Article 58A5S Humans reached Saudi Arabia at least 120,000 years ago

Humans reached Saudi Arabia at least 120,000 years ago

by
Kiona N. Smith
from Ars Technica - All content on (#58A5S)
footprint-800x369.png

Enlarge (credit: Stewart et al. 2020)

About 120,000 years ago, two or three people walked along the shore of a shallow lake in what is now northern Saudi Arabia. They left behind at least seven footprints in the mud, and today those tracks are the oldest known evidence of our species' presence in Arabia.

A Pleistocene walk by the lake

Imagine that you're a hunter-gatherer about 120,000 years ago, and you're walking out of eastern Africa into Eurasia.
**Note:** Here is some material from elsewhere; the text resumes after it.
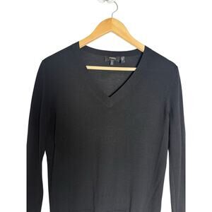 Theory Black Regal Wool V-Neck Long Sleeve Pullover Sweater Size Small

Paleoanthropologists are still debating exactly why you've decided to do such a thing, and you almost certainly don't have a destination in mind, but for now we'll take it for granted that you just want to take a really, really long walk. Almost inevitably, you'll come to the Levant, on the eastern end of the Mediterranean. From that important geographical crossroads, you've got some options: you could head north through Syria and Turkey, then veer east into Asia or west into Europe. You could also strike out east, across the northern end of the Arabian Peninsula.

That was a better option then than it sounds now. Off and on during the Pleistocene, the Arabian Peninsula had a wetter climate than it does today. Evidence from ancient sediments, pollen, and animal fossils all suggest that today's deserts were once grasslands and woods, crossed by rivers and dotted with lakes like the one at Alathar in the western Nefud Desert.